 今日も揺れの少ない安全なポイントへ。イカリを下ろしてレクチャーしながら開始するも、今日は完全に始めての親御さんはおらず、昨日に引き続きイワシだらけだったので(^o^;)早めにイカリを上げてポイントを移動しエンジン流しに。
============================================================
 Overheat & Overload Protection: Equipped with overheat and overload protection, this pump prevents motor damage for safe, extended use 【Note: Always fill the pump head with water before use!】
============================================================
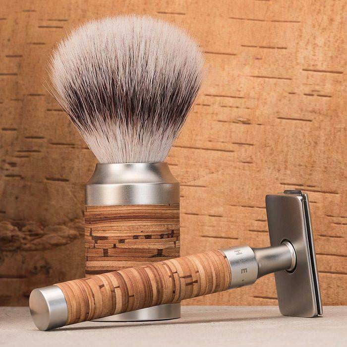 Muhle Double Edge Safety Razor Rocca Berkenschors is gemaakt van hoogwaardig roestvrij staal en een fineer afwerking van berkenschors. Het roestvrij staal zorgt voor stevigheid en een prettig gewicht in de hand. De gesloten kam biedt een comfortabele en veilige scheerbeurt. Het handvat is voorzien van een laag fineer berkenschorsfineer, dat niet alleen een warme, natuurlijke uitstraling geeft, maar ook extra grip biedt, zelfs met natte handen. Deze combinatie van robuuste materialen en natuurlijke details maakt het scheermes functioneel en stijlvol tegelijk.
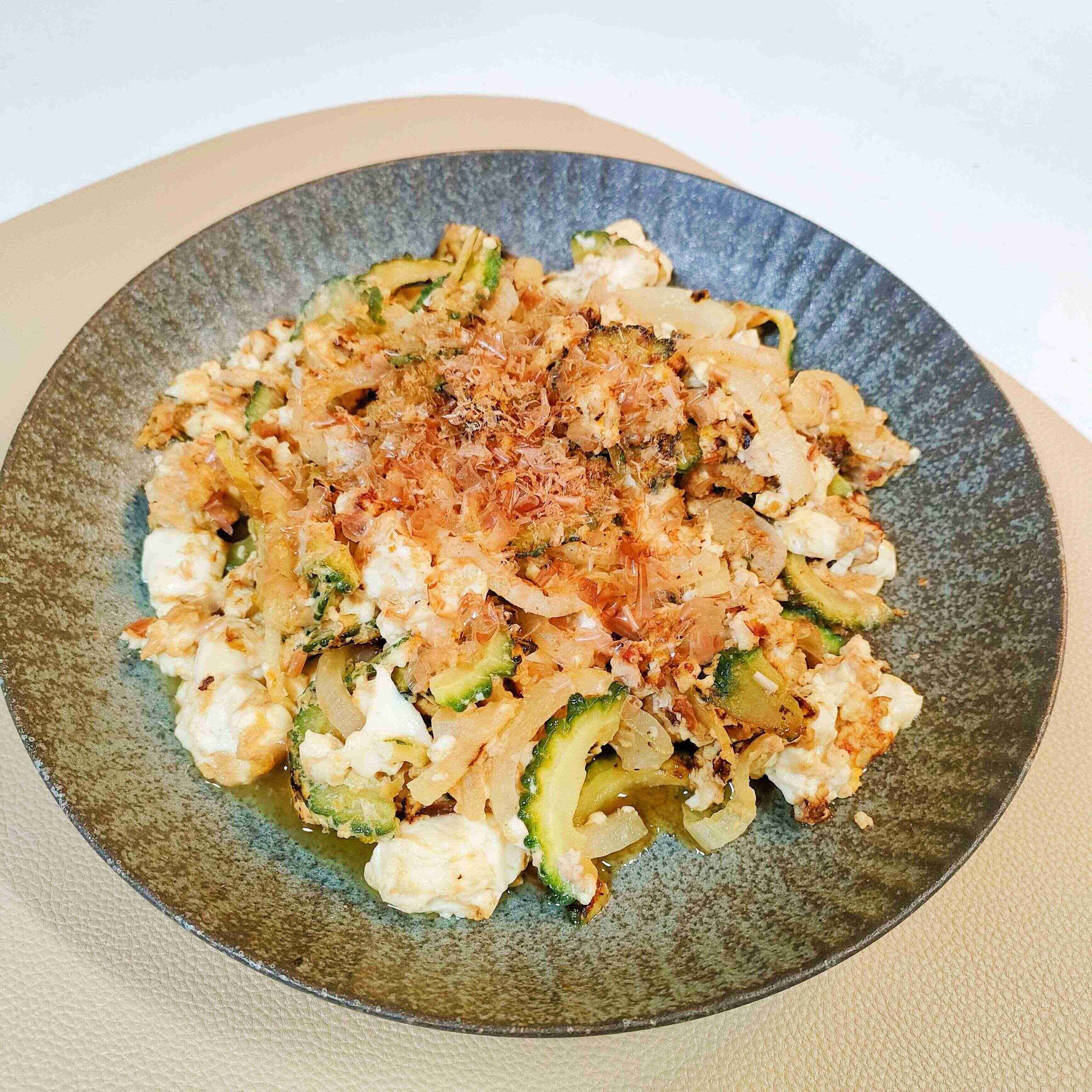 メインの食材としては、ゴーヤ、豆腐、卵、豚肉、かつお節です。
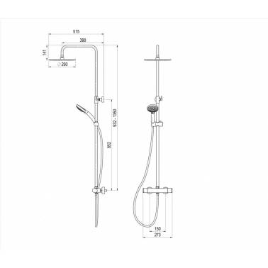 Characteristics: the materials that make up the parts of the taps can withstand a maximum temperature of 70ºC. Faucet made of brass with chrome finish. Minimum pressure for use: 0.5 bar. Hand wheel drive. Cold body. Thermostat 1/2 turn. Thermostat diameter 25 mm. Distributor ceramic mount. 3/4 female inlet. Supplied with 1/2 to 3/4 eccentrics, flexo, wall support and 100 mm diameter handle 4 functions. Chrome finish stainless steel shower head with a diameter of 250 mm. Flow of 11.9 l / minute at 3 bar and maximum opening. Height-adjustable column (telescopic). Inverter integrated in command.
============================================================
**Required action**
Above are records; write out the lines from the one with "メインの食材としては、ゴーヤ、豆腐、卵、豚肉、かつお節です。" down to the one with "Characteristics: the materials", exactly, leaving the pictures out.

**Exercise response**
 メインの食材としては、ゴーヤ、豆腐、卵、豚肉、かつお節です。
 Characteristics: the materials that make up the parts of the taps can withstand a maximum temperature of 70ºC. Faucet made of brass with chrome finish. Minimum pressure for use: 0.5 bar. Hand wheel drive. Cold body. Thermostat 1/2 turn. Thermostat diameter 25 mm. Distributor ceramic mount. 3/4 female inlet. Supplied with 1/2 to 3/4 eccentrics, flexo, wall support and 100 mm diameter handle 4 functions. Chrome finish stainless steel shower head with a diameter of 250 mm. Flow of 11.9 l / minute at 3 bar and maximum opening. Height-adjustable column (telescopic). Inverter integrated in command.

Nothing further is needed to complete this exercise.